Heresthetics was about structuring the way the world was viewed so as to create political advantage. Riker identified a number of heresthetic strategies: setting the agenda, strategic voting (supporting a less favored outcome to avoid something even worse), trading votes, altering the sequence of decisions, and redefining a situation. Initially he saw these forms of manipulation as separate from rhetoric, although it was hard to see how many of these strategies could work without persuasive skills. In an unfinished book, published posthumously, he was focusing much more on rhetoric. His disciples claimed that he was returning the discipline to “the science behind persuasion and campaigning,”
31
but he acknowledged he was moving into terrain where the science would struggle.

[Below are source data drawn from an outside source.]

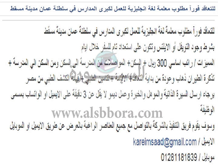تعلن مدرسة خاصة في سلطنة عمان عن وظائف جديدة للمعلمين والمعلمات وفقا لنص الإعلان التالي:-
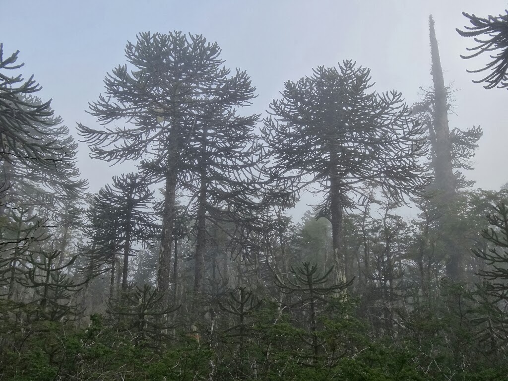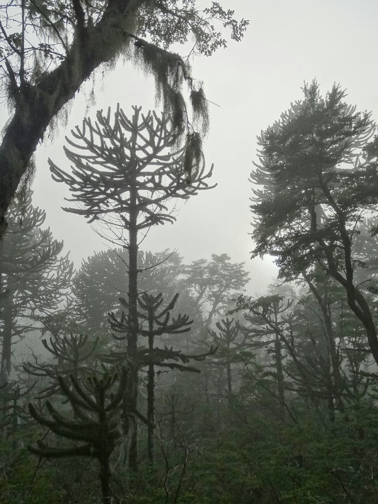 Le lendemain, on se lève tôt, il y a un peu de brouillard mais on n'aperçoit le ciel bleu au travers. La brume et les araucarias forment une ambiance très particulière.
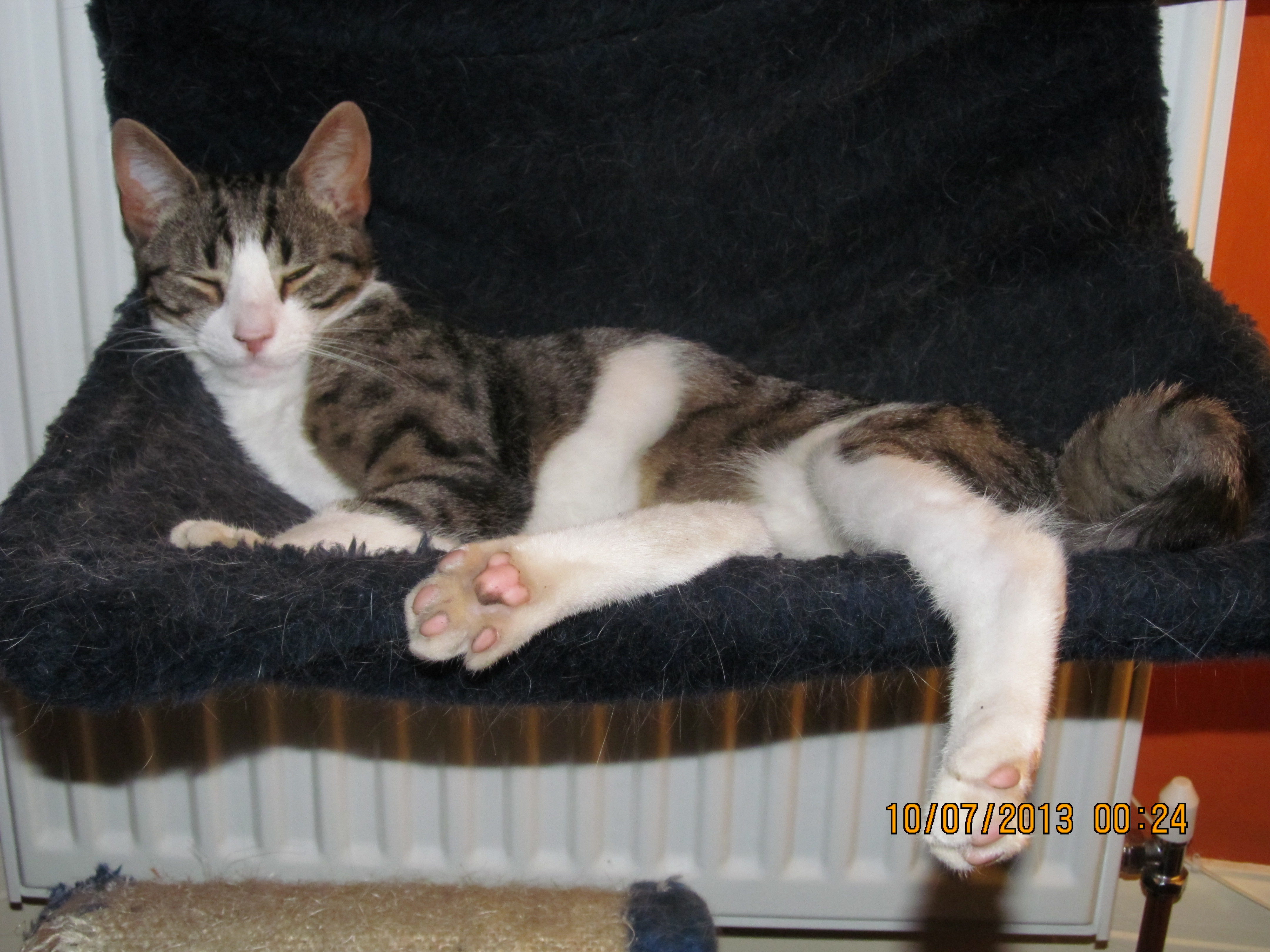 We have a busy week. All of Smudge’s kittens have been reserved and will be starting to go to their new homes this weekend. I can’t believe how grown up they suddenly are. Morris is also off to his new home tomorrow. He’d spent months in the cattery and was very timid when he came to me. However, he’s grown in confidence especially since his new family came to meet him a couple of weeks ago … and now they’re back from their holiday he can’t wait to move in and take control of the house. He has his suitcase packed and is very excited since he heard that he already has some post there. I suspect its a pets@home voucher so he’ll be instructing his new mum and dad to work through his wish list of toys and treats. Top of the list is a hammock
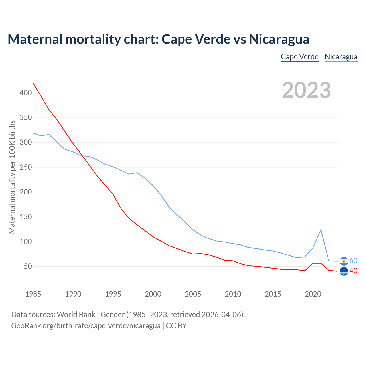 The maternal mortality rate, which is the probability of dying during childbirth or within 42 days of pregnancy termination, is 40 deaths per 100,000 live births in Cape Verde, compared to 60 deaths in Nicaragua.
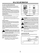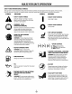 RULES SAFETY AND INTERNATIONAL FOR SAFEOPERATION SYMBOLS This operator's manual describes safety and international symbols and pictographs that may appear on this product. Readthe operator's manual for complete safety, assembly, operating and maintenance and repair information. SYMBOL MEANING SYMBOL MEANING • ONIOFF STOP CONTROL Indicates danger, warning or caution. • SAFETY ALERT SYMBOL with other May be used in conjunction symbols or pictographs.
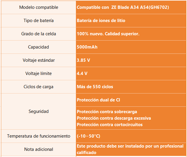 Batería para ZTE Blade A34/A54/A75 5G GH6702 ORYRO
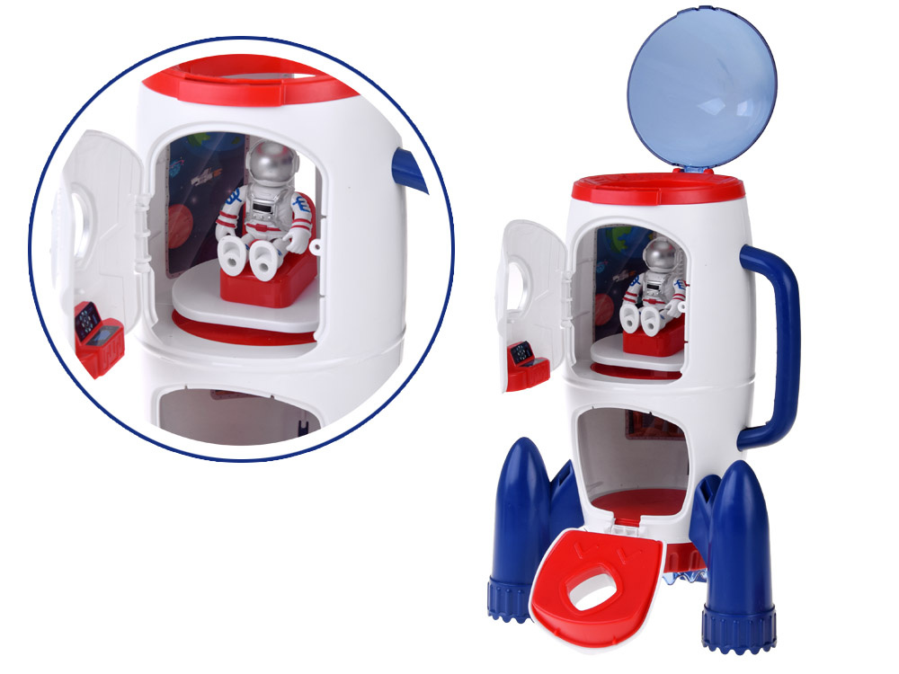 W tylnej części rakiety znajduje się pokrętło za pomocą którego nasz maluch będzie mógł przetransportować astronautę do kokpitu obserwacyjnego.

The point was made in the title of his book on heresthetics,
The Art of Manipulation
. He was clear that this was “not a science. There is no set of scientific laws that can be more or less mechanically applied to generate successful strategies.”
32
In his posthumous book he expressed concern that “our knowledge of rhetoric and persuasion is itself minuscule.”
33
Riker certainly did not abandon his conviction that statistical analysis could sharpen his propositions, and he was determinedly avoiding a large body of work that directly addressed exactly the issues of agenda setting, framing, and persuasion that were interesting him, because it was too “belle-lettres” and insufficiently rigorous. However, he still ended up where so many students of strategists found themselves, fascinated by why some players in the political game were smarter and more persuasive than their opponents.

CHAPTER
37 Beyond Rational Choice

Reason is and ought only to be the slave of the passions, and can never

pretend to any other office than to serve and obey them
.

—David Hume, A Treatise of Human Nature, 1740

T
HE PRESUMPTION
of rationality was the most contentious feature of formal theories. The presumption was that individuals were rational if they behaved in such a way that their goals, which could be obnoxious as well as noble, would be most likely to be achieved. This was the point made by the eighteenth-century philosopher David Hume. He was as convinced of the importance of reason as he was that it could not provide its own motivation. This would come from a great range of possible human desires: “Ambition, avarice, self-love, vanity, friendship, generosity, public spirit,” which would be “mixed in various degrees and distributed through society.”
1
As Downs put it, the rational man “moves towards his goals in a way which to the best of his knowledge uses the least possible input of scarce resources per unit of valued output.” This also required focusing on one aspect of an individual and not his “whole personality.” The theory “did not allow for the rich diversity of ends served by each of his acts, the complexity of his motives, the way in which every part of his life is intimately related to his emotional needs.
2
Riker wrote that he was not asserting that all behavior was rational, but only that some behavior was “and that this possibly small amount is crucial for the
construction and operation of economic and political institutions.”
3
In addition, the settings in which actors were operating—whether a congressional election, legislative committee, or revolutionary council—were also taken as givens, unless the issues being studied concerned establishing new institutions. The challenge then was to show that collective political outcomes could be explained by individuals ranking “their preferences consistently over a set of possible outcomes, taking risk and uncertainty into consideration and acting to maximize their expected payoffs.” This could easily become tautological because the only way that preferences and priorities could be discerned was by examining the choices made in actual situations.